Date: Tuesday, January 17, 2012
Time: 3:45 PM
Time: 3:45 PM
Room: Golden Ballroom
Genome annotation is one of the most difficult tasks in genome sequencing projects, but it is essential for connecting genome sequence to biology. With the advent of next-generation sequencing technologies new genomes are being sequenced at a faster rate than they are being fully and correctly annotated.
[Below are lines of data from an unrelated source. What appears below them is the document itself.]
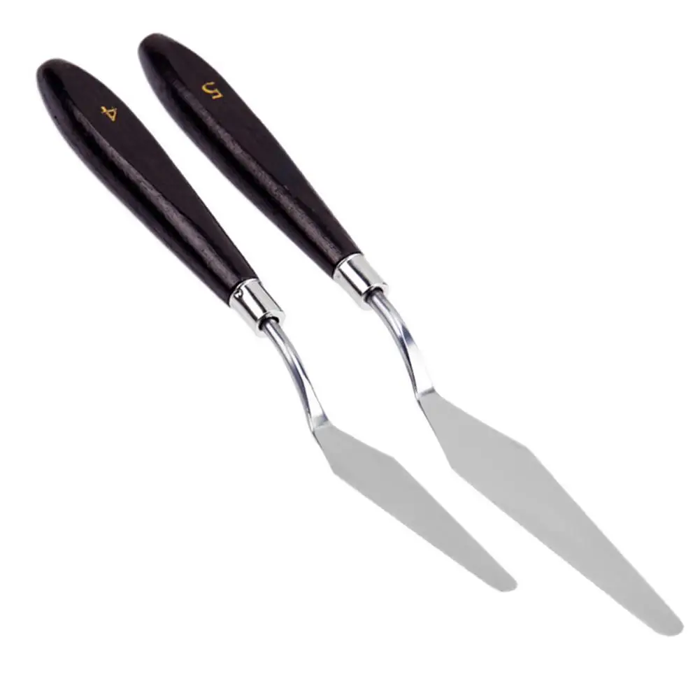 A set of 5pcs palette knives Great for working with oil paints on canvas or palette Spread paint quickly and evenly With extremely flexible steel blade and no sharpened edge They are used for mixing paint colors and paste, or for marbling, decorative details, etc With wooden handles, light and easy to grab Wooden Handle Size: Approx. 10*1.7cm / 3.9*0.67inch (L*W) Blade Length: Approx. 3.6-9cm / 1.4-3.5inch Material: Stainless steel (blade) and wooden (handle) Handle Color: Reddish brown ![]()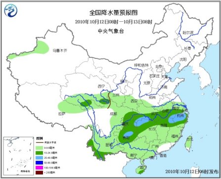 中新网10月12日电 据中央气象台预报,未来三天,新疆西部山区、西藏东部、青海东部和南部、内蒙古东北部、黑龙江西北部、甘肃南部、川西高原西北部等地有小到中雨(雪)或雨夹雪,西藏东北部、青海东南部局地有大雪;陕西南部、黄淮南部、江淮、江汉、江南、华南、西南等地有小到中雨或阵雨,其中,四川南部、重庆中北部、贵州中部、云南北部、湖南北部、湖北南部、江西北部、安徽南部、浙江中部等地有大雨,上述地区局部并伴有短时雷雨大风等强对流天气。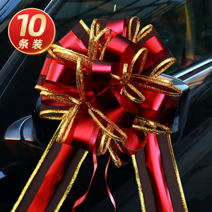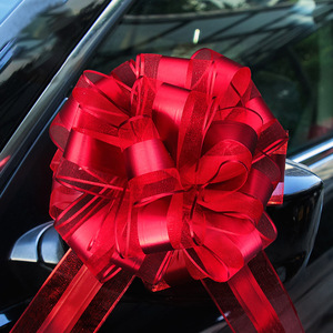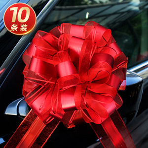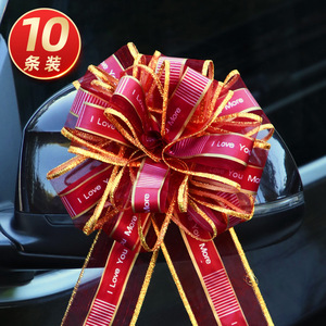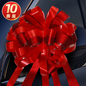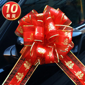 ウェディングカーフラワーデコレーション、ウェディングカーフロントフラワー、赤いリボン、ウェディングカーフリート、メインカーとサブカー用品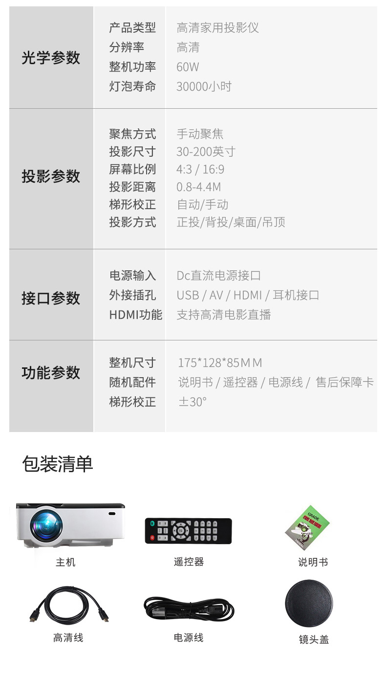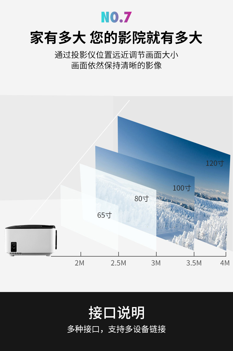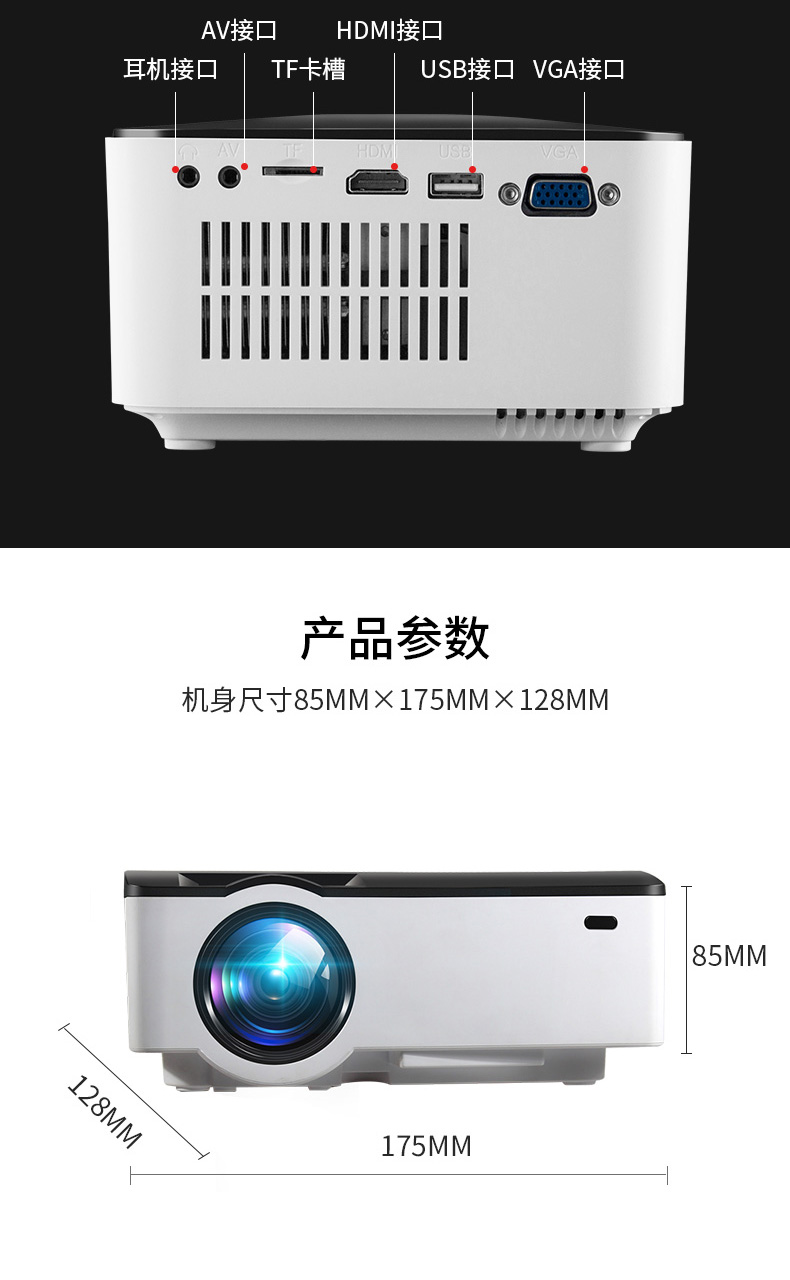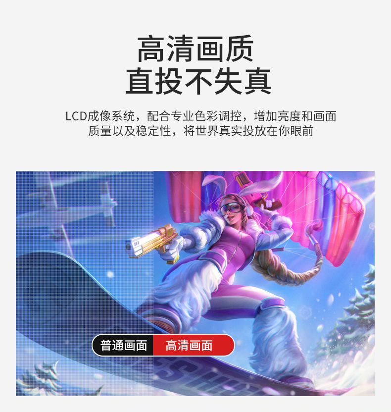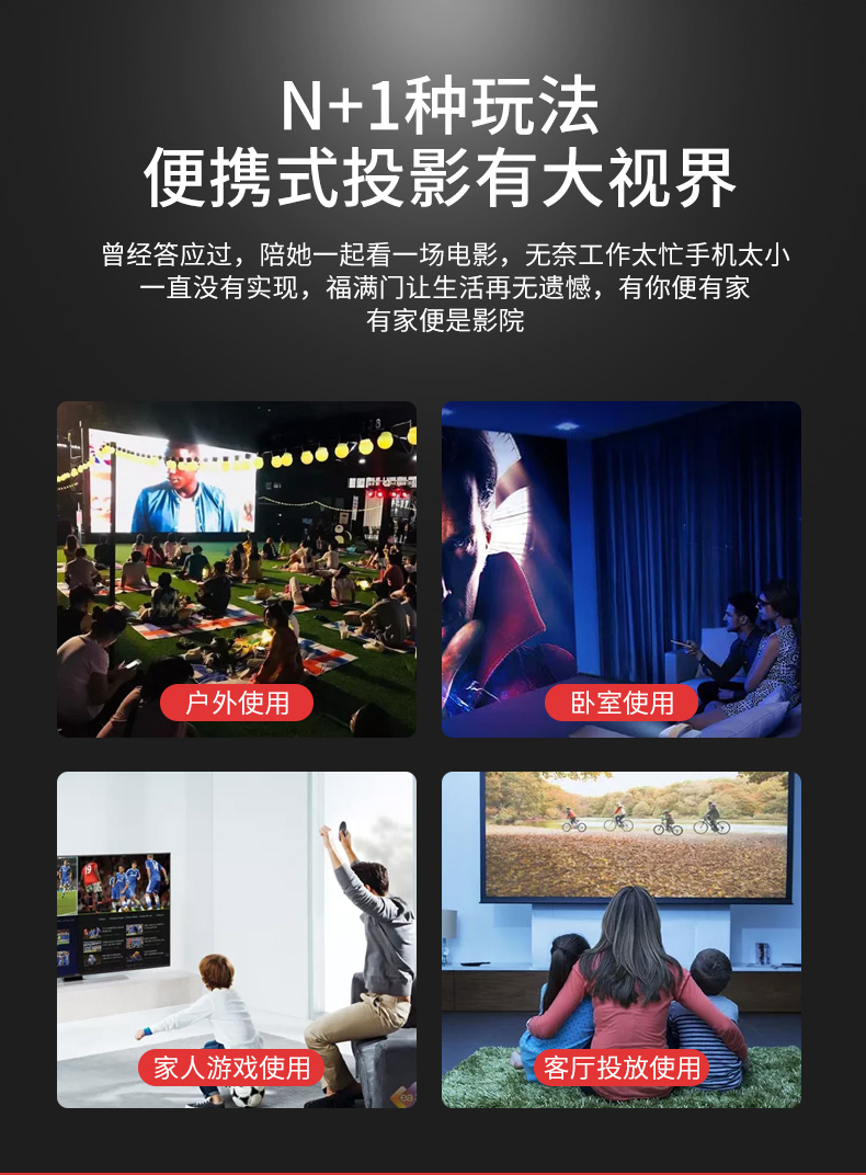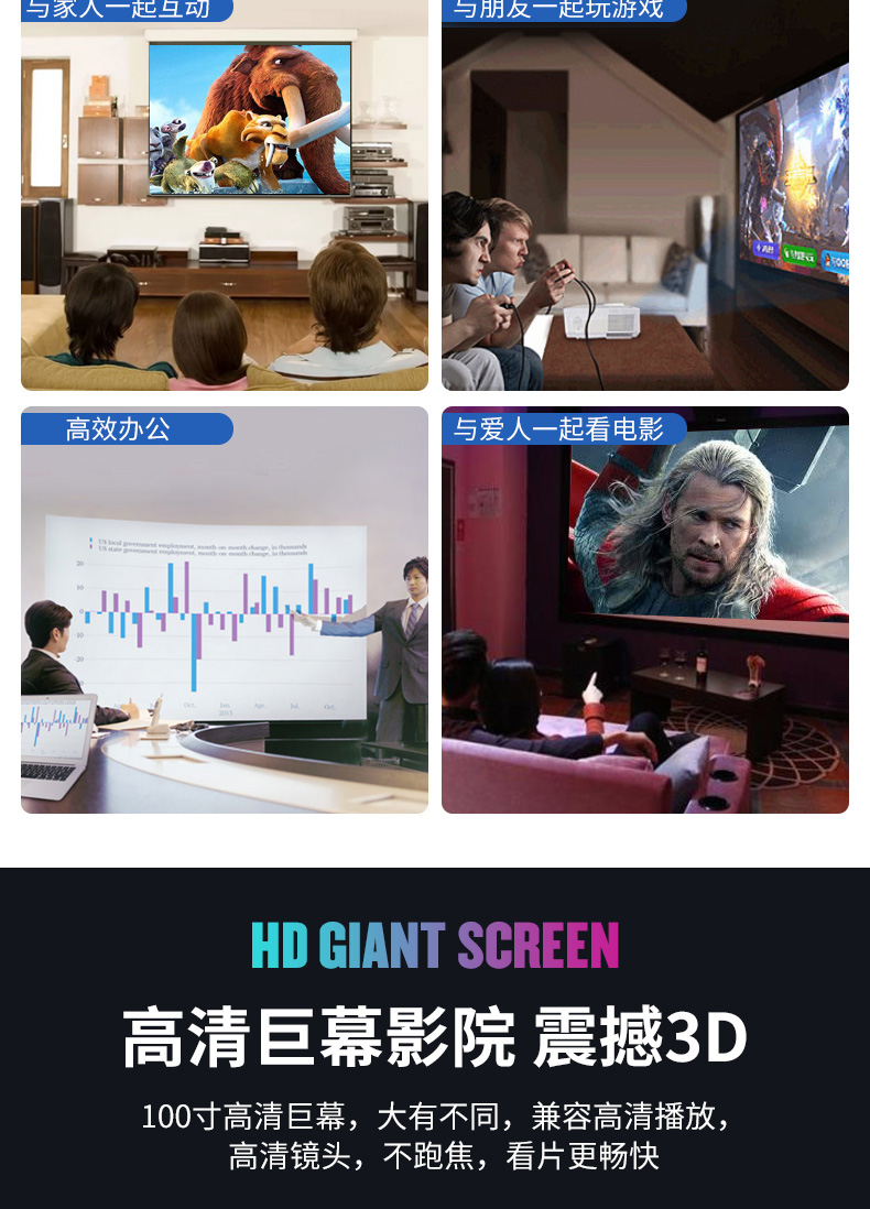 全新升级,画质更清晰,1080P高清画质配合专业色彩调控,支持手机电脑音箱多种设备连接,200英寸巨幕投影,3D高清片区,轻松在家装影院~【赠运费险】

To manage the large amount of data generated by >1Gb genome size sequencing projects, sequence annotation needs to be automated.To achieve a systematic and comprehensive annotation of the bread wheat genome sequence, a parallelized automated pipeline, called TriAnnot (http://www.clermont.inra.fr/triannot), has been developed under the umbrella of the IWGSC (http://www.wheatgenome.org), and installed on a cluster of 712 cores (60 TB, 8.5 Tflops) . The goals of TriAnnot are to provide the international scientific community with an online user-friendly interface for simple BAC or BAC contig analysis and to facilitate large scale analysis such as the annotation of the ~1 Gb wheat chromosome 3B sequence. The modular architecture of the TriAnnot pipeline allows the annotation of repeats and Transposable Elements (TEs), protein-coding genes structural and functional annotation, RNA-coding genes and other biological features identifications. The pipeline uses 73 databanks and 21 bio informatics programs. EMBL/GFF output files can be displayed with GBrowse, Artemis and GenomeView to help further manual expertise. The pipeline can be adapted to the annotation of other plant species. We will explain how to use TriAnnot for small (web interface) or large scale analyses (unix command line), as well as describe the different output files and their use using wheat case studies.